**MATERIAL FOR THE TASK**
◆ ◆ ◆ ◆
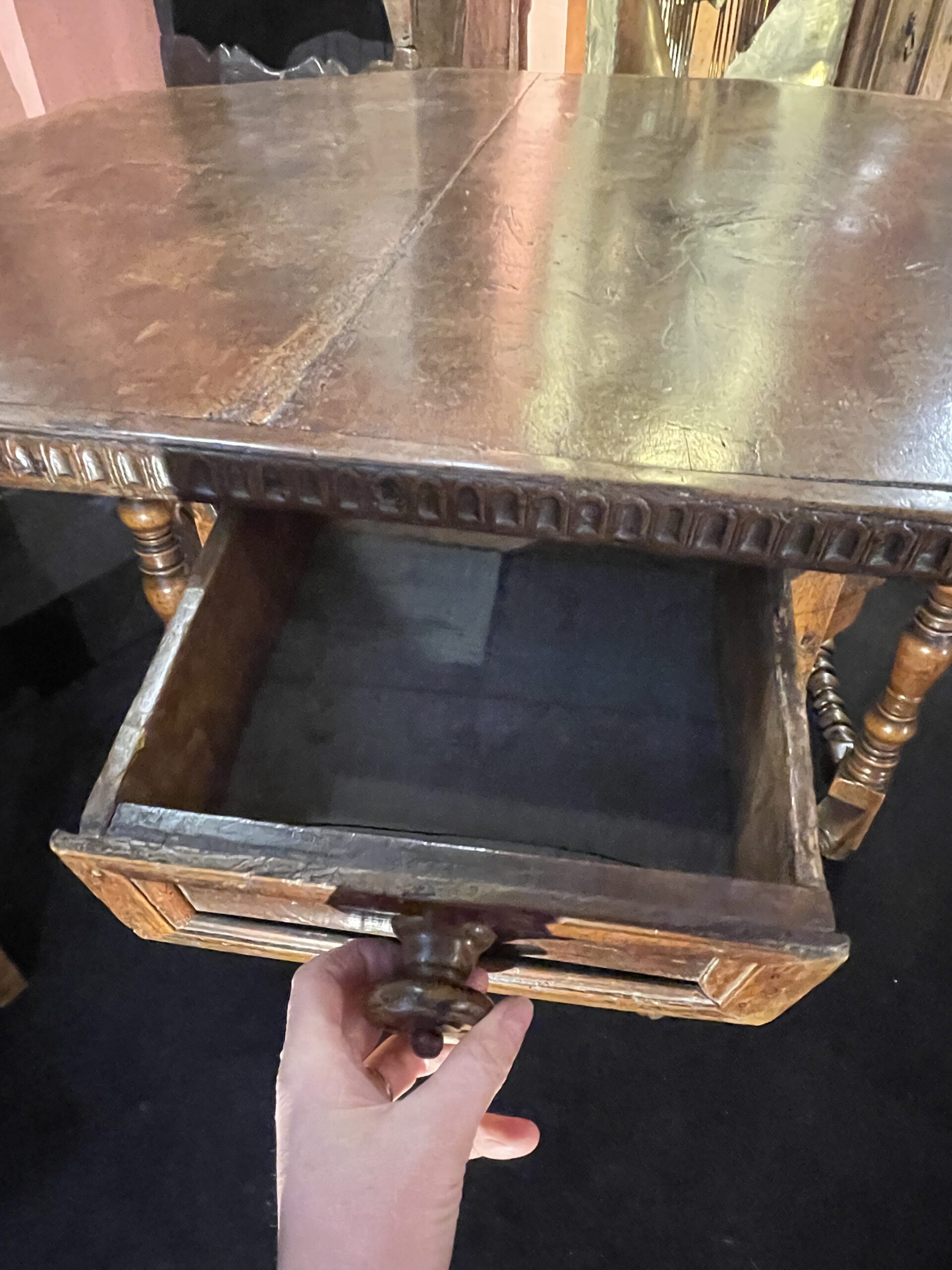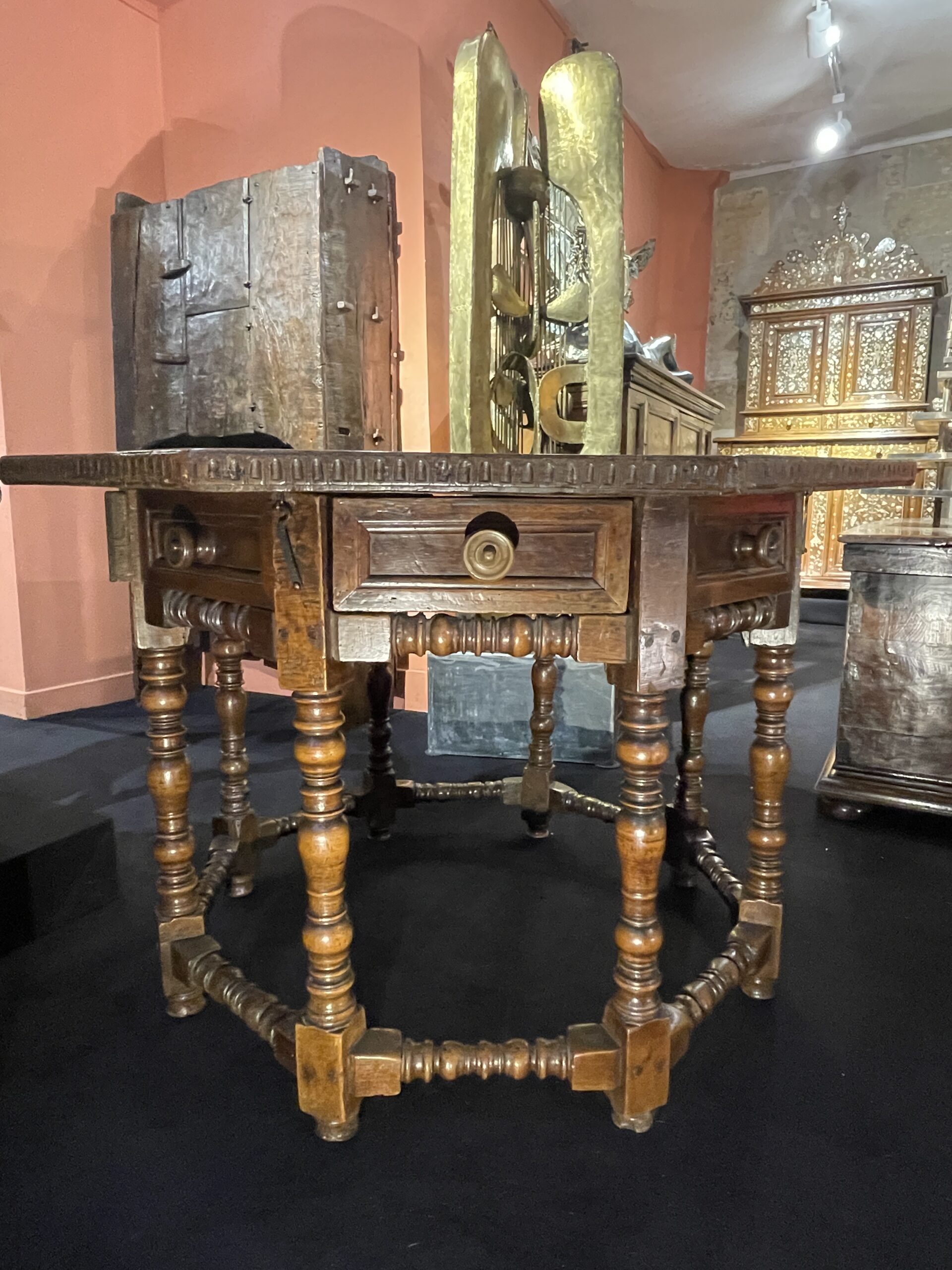 The belt accommodates four real drawers and four others in trompe l’oeil, with their turned wooden knobs. The table top is decorated on its round with a frieze of barley grains cut into the mass. A turned wooden spacer under each drawer recalls the legs of the table, bringing balance to the whole.
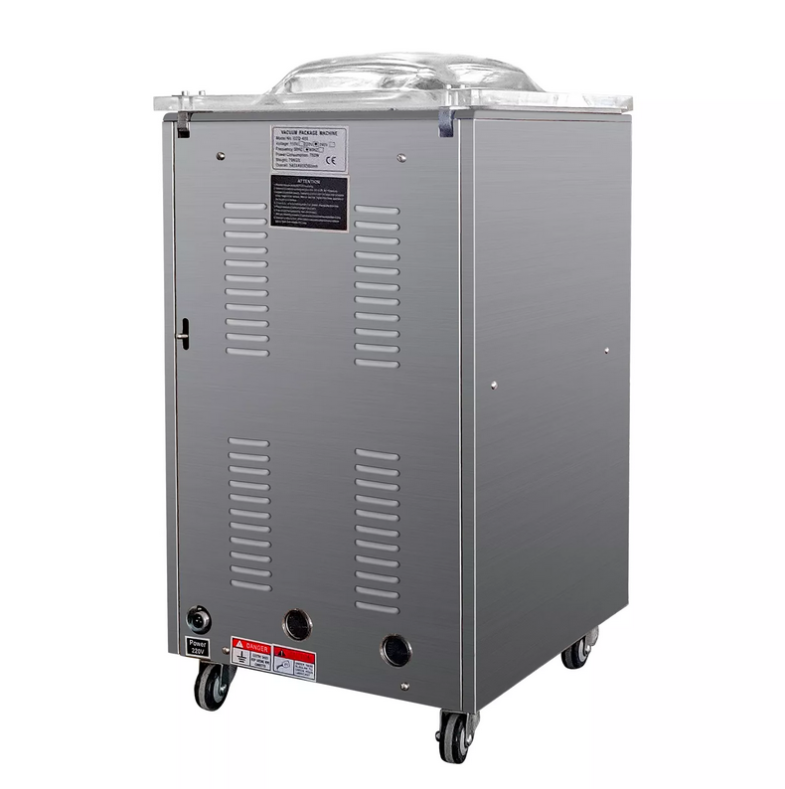 DZQ-400 to profesjonalna, komorowa pakowarka próżniowa w wersji pionowej (upright) – wygodna do pracy na stojąco, mobilna (na kółkach) i gotowa do działania „od razu po rozpakowaniu”. Idealna do pakowania żywności i produktów wymagających dłuższej świeżości, lepszej higieny i estetyki.
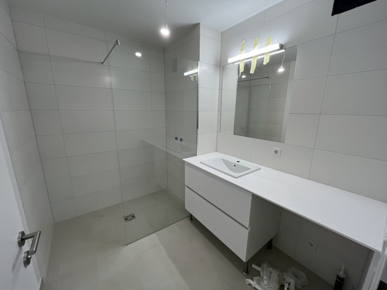 Parkett, Fliesen, Einbauküche, Dusche
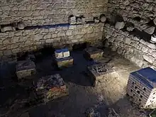 Jordan contains several hammams from the Umayyad era (7th to 8th centuries), making them the oldest known examples of Islamic bathhouses. Many of these are attached to the so-called "desert castles", including Qusayr 'Amra, Hammam al-Sarah, and Qasr al-Hayr al-Sharqi.[2][4][5] Qusayr 'Amra is particularly notable for the frescoes in late Roman style that decorate the chambers, presenting a highly important example of Islamic art in its early historical stages.[54]
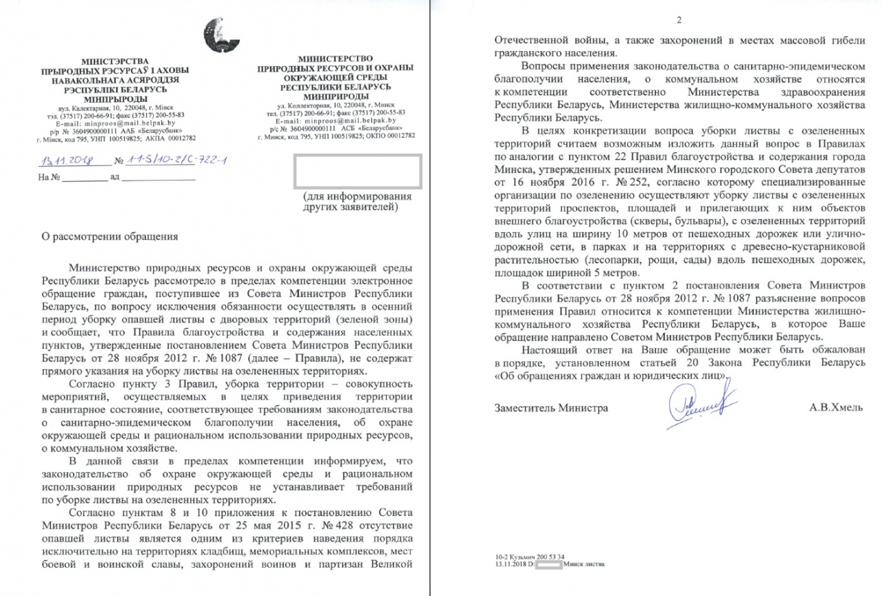 На основании изложенного просим исключить обязанность осуществлять в осенний период уборку опавшей листвы с дворовых территорий (зелёной зоны) путем внесения соответствующих изменений в Правила благоустройства и содержания населенных пунктов, утвержденные Постановлением Совета Министров Республики Беларусь от 28.11.2012 N 1087.
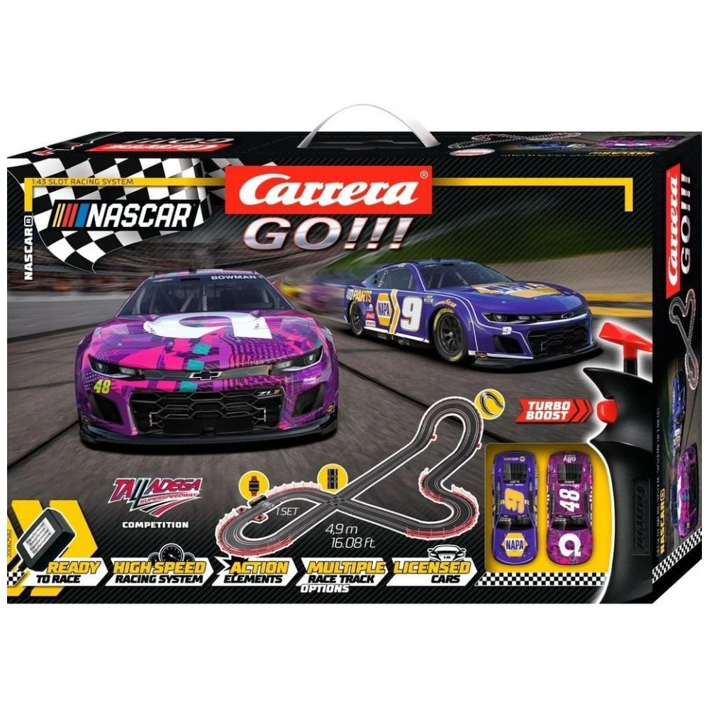 Sensacja NASCAR: Urodzona w USA Carrera GO!!! Zestaw NASCAR 4.9 zapewnia fanom w wieku od 4 lat ekscytujące wrażenia z wyścigów NASCAR w domu. Tor wyścigowy o długości 4,9 m/16,08 stóp z długimi prostymi i trudnymi zakrętami jest idealny do zapierających dech w piersiach bitew z dużą prędkością. Kierowcy ustawiają się w kolejce do dwóch niesamowitych samochodów znanego na całym świecie zespołu wyścigowego Hendrick Motorsports: NASCAR Camaro NextGen ZL1 Hendrick Motorsports, Chase Elliott, No.9 i NASCAR Camaro NextGen ZL1 Hendrick Motorsports, Alex Bowman, No.48 .
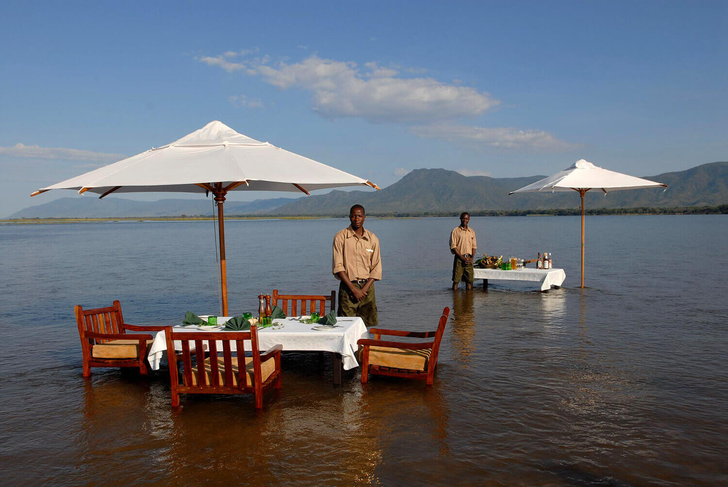 Magnifika Royal Chundu ligger utefter legendariska Zambezifloden, strax uppströms från Victoriafallen. Royal Chundu består av två förträffliga lodger, The River Lodge, som ligger direkt på flodbanken, och undangömda Island Lodge, som du finner på Katambora Island. Båda lodgerna består av vackert inredda och rymliga sviter i praktfull kolonial- och safaristil. River Lodges sviter har en öppen planlösning som leder ut på ett privat däck med utsikt över zambezifloden och savannen i närliggande Matetsi Game Reserve. Island Lodge består av fyra lyxiga villor med egen ”Boma” för utomhusmiddagar, en inbjudande restaurang, vacker infinitypool och ligger omgiven av fantastiska baobabträd och ståtliga Jackalberryträd. Lodgen stoltserar även med ett prisbelönt spa och ett välrenommerat kök. Royal Chundu är Zambias enda medlem av ansedda Relais & Chateaux.
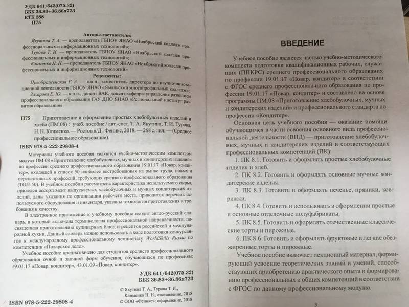 ОписаниеМатериалы учебного пособия являются учебно-методическим комплексом модуля ПМ.08 "Приготовление хлебобулочных, мучных и кондитерских изделий" по профессии среднего профессионального образования 19.01.17 "Повар, кондитер", входящей в список 50 наиболее востребованных на рынке труда, новых и перспективных профессий, требующих среднего профессионального образования (ТОП-50). В учебном пособии рассмотрена характеристика используемого сырья, приведен ассортимент выпускаемых хлебобулочных и мучных кондитерских изделий, даны указания по организации рабочего места, приводится перечень используемого оборудования и инвентаря, указаны технология приготовления и требования к качеству.В электронное приложение к учебному пособию входит англо-русский словарь, в который включена терминология профессиональной направленности, посвященная приготовлению кулинарных блюд и рецептов российской и международной кухни. Данный словарь можно использовать в ходе подготовки конкурсантов к международному профессиональному чемпионату WorldSkills Russia no компетенции "Поварское дело".Учебное пособие предназначено для студентов среднего профессионального образования очной и заочной форм обучения, обучающихся по профессиям: 19.01.17 "Повар, кондитер". 43.01.09 "Повар, кондитер".СвернутьМатериалы учебного пособия являются учебно-методическим комплексом модуля ПМ.08 "Приготовление хлебобулочных, мучных и кондитерских изделий" по профессии среднего профессионального образования 19.01.17 "Повар, кондитер", входящей в список 50 наиболее востребованных на рынке труда, новых и перспективных профессий, требующих среднего профессионального образования (ТОП-50). В учебном пособии рассмотрена характеристика используемого сырья, приведен ассортимент выпускаемых хлебобулочных и мучных кондитерских изделий, даны указания по организации рабочего места, приводится перечень используемого оборудования и инвентаря, указаны технология приготовления и требования к качеству.В электронное приложение к учебному пособию входит англо-русский словарь, в который включена терминология профессиональной направленности, посвященная приготовлению кулинарных блюд и рецептов российской и международной кухни. Данный словарь можно использовать в ходе подготовки конкурсантов к международному профессиональному чемпионату WorldSkills Russia no компетенции "Поварское дело".Учебное пособие предназначено для студентов среднего профессионального образования очной и заочной форм обучения, обучающихся по профессиям: 19.01.17 "Повар, кондитер". 43.01.09 "Повар, кондитер".СвернутьСвернуть
◆ ◆ ◆ ◆
**EXERCISE BRIEF**
Reproduce the material above exactly, first line through the line that contains "Sensacja NASCAR: Urodzona", minus the pictures.

**SOLVED PROBLEM**
 The belt accommodates four real drawers and four others in trompe l’oeil, with their turned wooden knobs. The table top is decorated on its round with a frieze of barley grains cut into the mass. A turned wooden spacer under each drawer recalls the legs of the table, bringing balance to the whole.
 DZQ-400 to profesjonalna, komorowa pakowarka próżniowa w wersji pionowej (upright) – wygodna do pracy na stojąco, mobilna (na kółkach) i gotowa do działania „od razu po rozpakowaniu”. Idealna do pakowania żywności i produktów wymagających dłuższej świeżości, lepszej higieny i estetyki.
 Parkett, Fliesen, Einbauküche, Dusche
 Jordan contains several hammams from the Umayyad era (7th to 8th centuries), making them the oldest known examples of Islamic bathhouses. Many of these are attached to the so-called "desert castles", including Qusayr 'Amra, Hammam al-Sarah, and Qasr al-Hayr al-Sharqi.[2][4][5] Qusayr 'Amra is particularly notable for the frescoes in late Roman style that decorate the chambers, presenting a highly important example of Islamic art in its early historical stages.[54]
 На основании изложенного просим исключить обязанность осуществлять в осенний период уборку опавшей листвы с дворовых территорий (зелёной зоны) путем внесения соответствующих изменений в Правила благоустройства и содержания населенных пунктов, утвержденные Постановлением Совета Министров Республики Беларусь от 28.11.2012 N 1087.
 Sensacja NASCAR: Urodzona w USA Carrera GO!!! Zestaw NASCAR 4.9 zapewnia fanom w wieku od 4 lat ekscytujące wrażenia z wyścigów NASCAR w domu. Tor wyścigowy o długości 4,9 m/16,08 stóp z długimi prostymi i trudnymi zakrętami jest idealny do zapierających dech w piersiach bitew z dużą prędkością. Kierowcy ustawiają się w kolejce do dwóch niesamowitych samochodów znanego na całym świecie zespołu wyścigowego Hendrick Motorsports: NASCAR Camaro NextGen ZL1 Hendrick Motorsports, Chase Elliott, No.9 i NASCAR Camaro NextGen ZL1 Hendrick Motorsports, Alex Bowman, No.48 .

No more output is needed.